_DATA BELOW_:
——

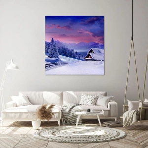 Lærredstryk - Billede på lærred - Vinterlandskab med bjerghytter ved solnedgang - 70x50cm - Stille nat - Moderne vægdekoration til stue og soveværelse ARTTOR
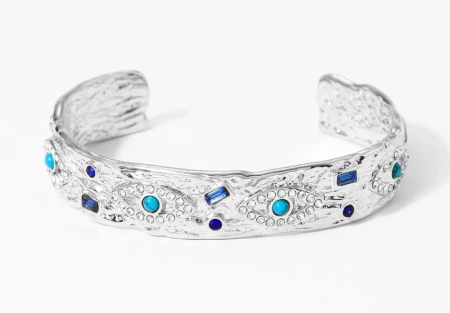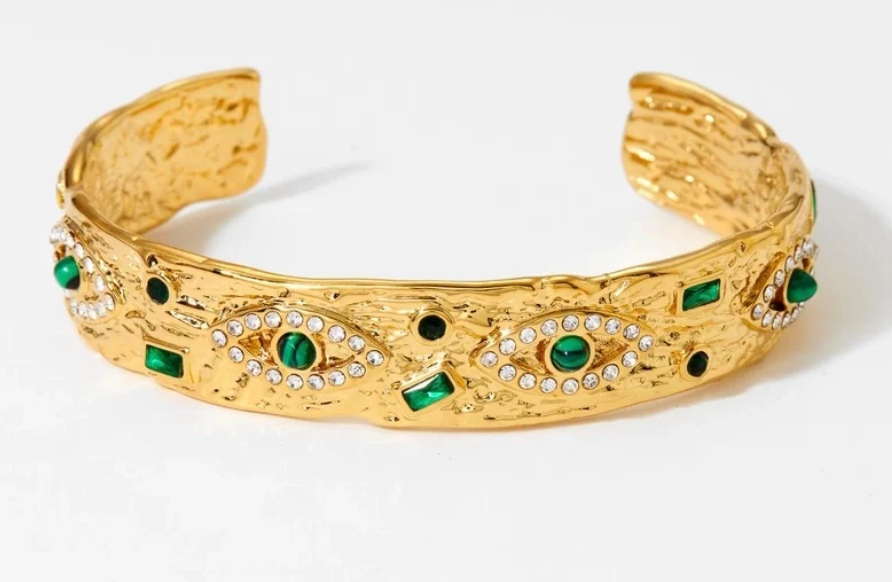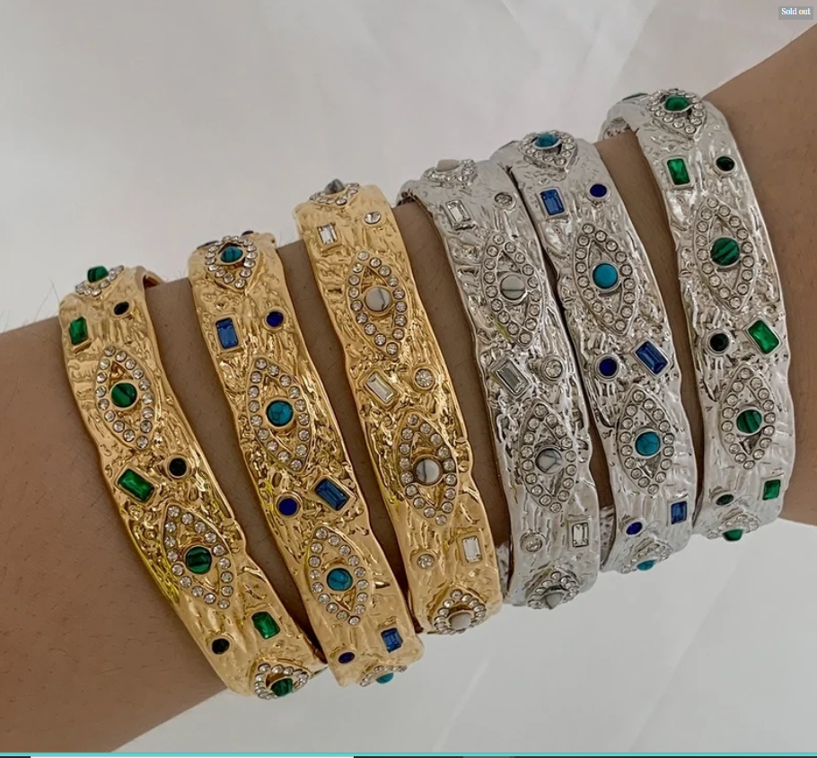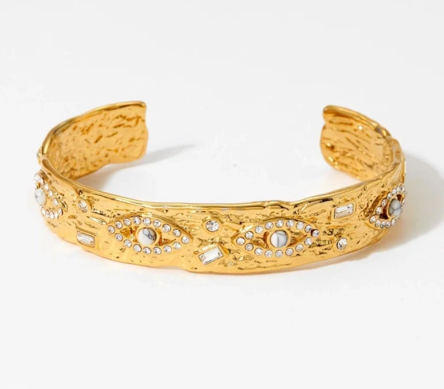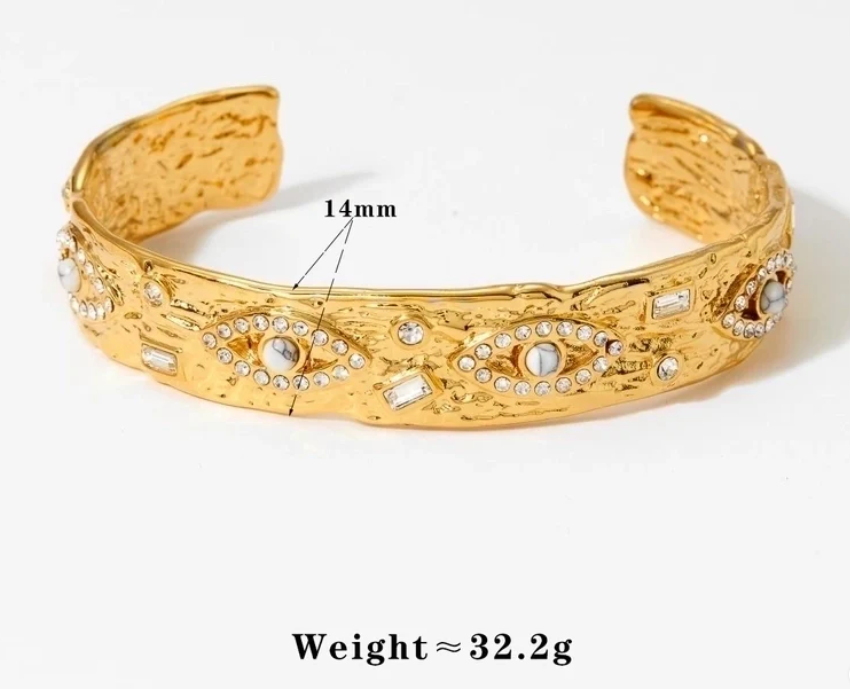 Il bracciale della linea MARRAKECH combina il resistente acciaio inossidabile 304 con un'elegante placcatura sottovuoto in oro 18 K o oro bianco per una lucentezza duratura. Caratterizzato da un caratteristico motivo a occhio di diavolo intarsiato con zirconi scintillanti, offre uno stile raffinato ma casual. Leggero (38 g), questo bracciale monopezzo bilancia la semplicità con la maestria artigianale, rendendolo un accessorio versatile per le donne che cercano una sottile raffinatezza.
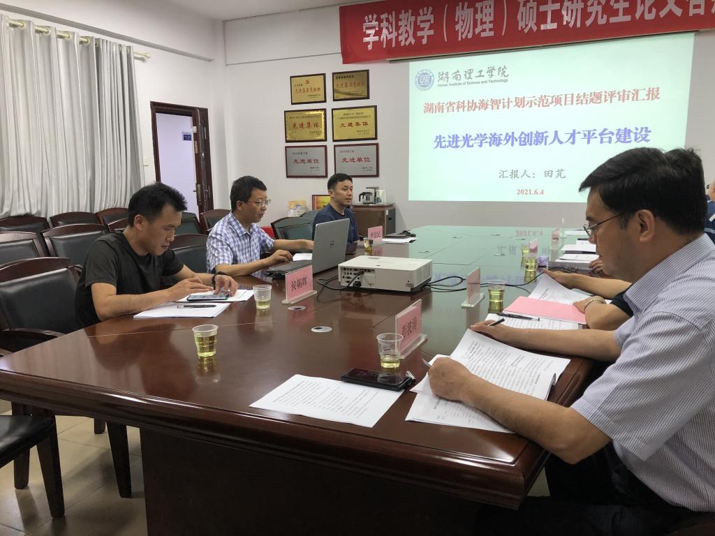 2021年6月4日下午,湖南省科协海智计划示范项目结题评审会在公司6号教学楼太阳成集团tyc122cc会议室举行,评审会邀请华中科技大学、湖南大学、湖南工程公司、岳阳市科技局、岳阳市科学技术协会相关领域专家进行评审。科技处长侯朝辉主持,太阳成集团tyc122cc经理李宏民致词。
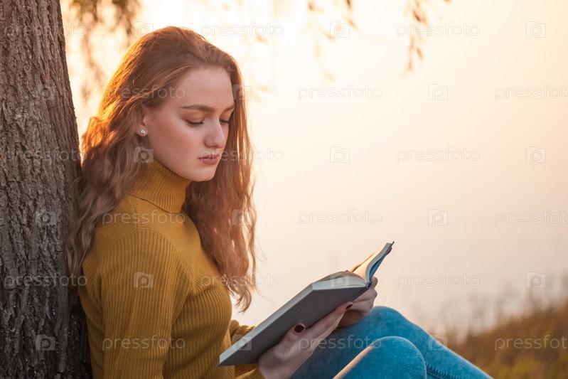 Красивая молодая блондинка читает книгу в парке возле озера

——

_EXERCISE OBJECTIVE_:
The data above must be copied exactly. Leave out the pictures.

_PROBLEM SOLUTION_:
 Lærredstryk - Billede på lærred - Vinterlandskab med bjerghytter ved solnedgang - 70x50cm - Stille nat - Moderne vægdekoration til stue og soveværelse ARTTOR
 Il bracciale della linea MARRAKECH combina il resistente acciaio inossidabile 304 con un'elegante placcatura sottovuoto in oro 18 K o oro bianco per una lucentezza duratura. Caratterizzato da un caratteristico motivo a occhio di diavolo intarsiato con zirconi scintillanti, offre uno stile raffinato ma casual. Leggero (38 g), questo bracciale monopezzo bilancia la semplicità con la maestria artigianale, rendendolo un accessorio versatile per le donne che cercano una sottile raffinatezza.
 2021年6月4日下午,湖南省科协海智计划示范项目结题评审会在公司6号教学楼太阳成集团tyc122cc会议室举行,评审会邀请华中科技大学、湖南大学、湖南工程公司、岳阳市科技局、岳阳市科学技术协会相关领域专家进行评审。科技处长侯朝辉主持,太阳成集团tyc122cc经理李宏民致词。
 Красивая молодая блондинка читает книгу в парке возле озера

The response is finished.